#### [WHAT THE TASK REQUIRES]
Write out again the lines from the line with "MARRUECOS. 1920. Tres" up to and including the line with "Promo Beanspot Ramadhan", exactly as they stand below, and skip any picture.

#### [INFORMATION PROVIDED]
________________

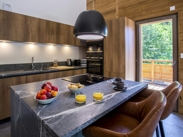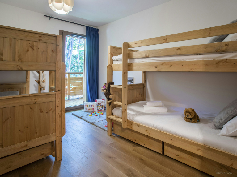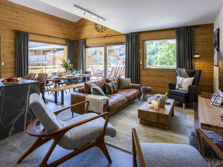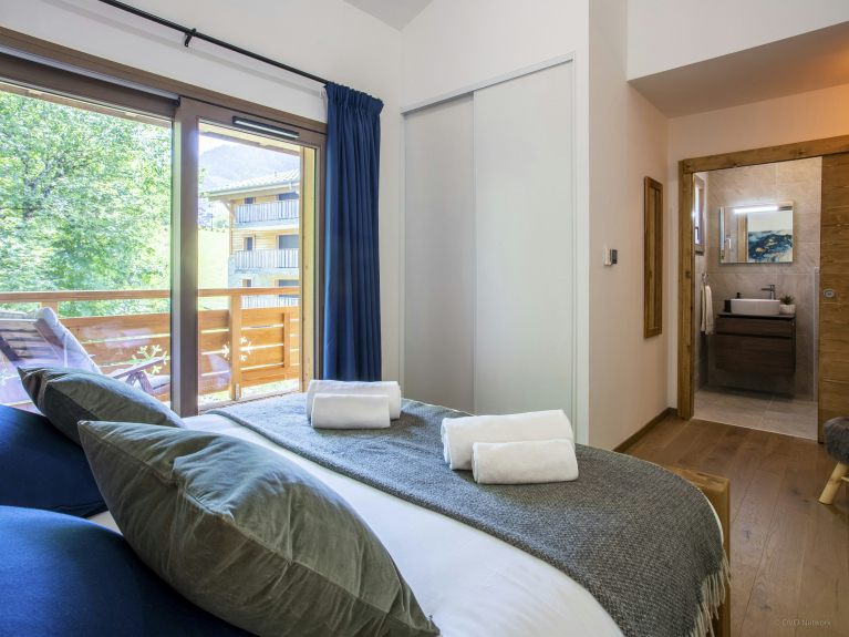 Parce qu’il est situé au troisième étage d’un immeuble, dans un coin tranquille de la vallée de l’Abondance, sa terrasse offre des vues splendides sur la forêt et les montagnes alentour.
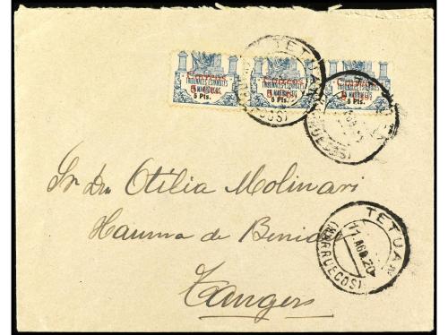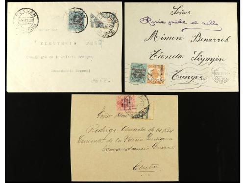 MARRUECOS. 1920. Tres cartas con franqueos provisionales usando sellos bisectados en Tetuán. Muy interesantes.
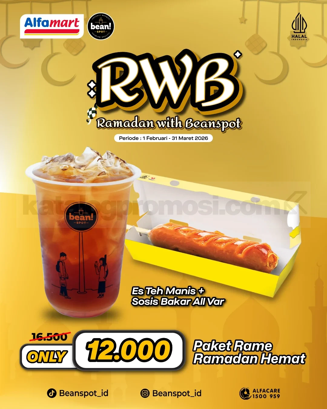 Promo Beanspot Ramadhan Paket Es Teh + Sosis Rp. 12.000 paket hemat sahur berbuka berlaku 1 Februari 2026 – 31 Maret 2026 di seluruh outlet
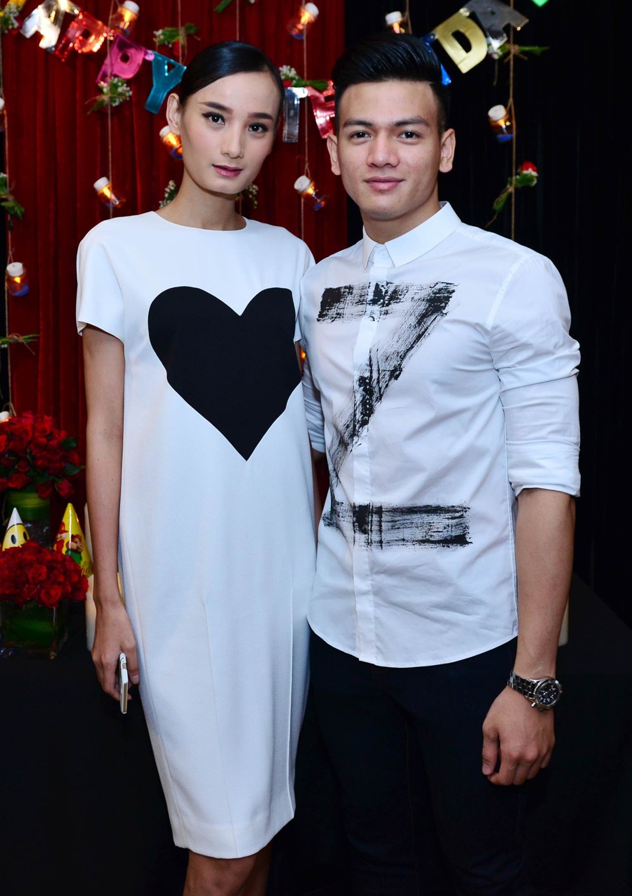 | Người mẫu Lê Thúy cùng Lê Xuân Tiền đến dự tiệc. Cặp đôi diện trang phục trắng nhã nhặn, đồng điệu. |

________________

#### [RESULT BELOW]
 MARRUECOS. 1920. Tres cartas con franqueos provisionales usando sellos bisectados en Tetuán. Muy interesantes.
 Promo Beanspot Ramadhan Paket Es Teh + Sosis Rp. 12.000 paket hemat sahur berbuka berlaku 1 Februari 2026 – 31 Maret 2026 di seluruh outlet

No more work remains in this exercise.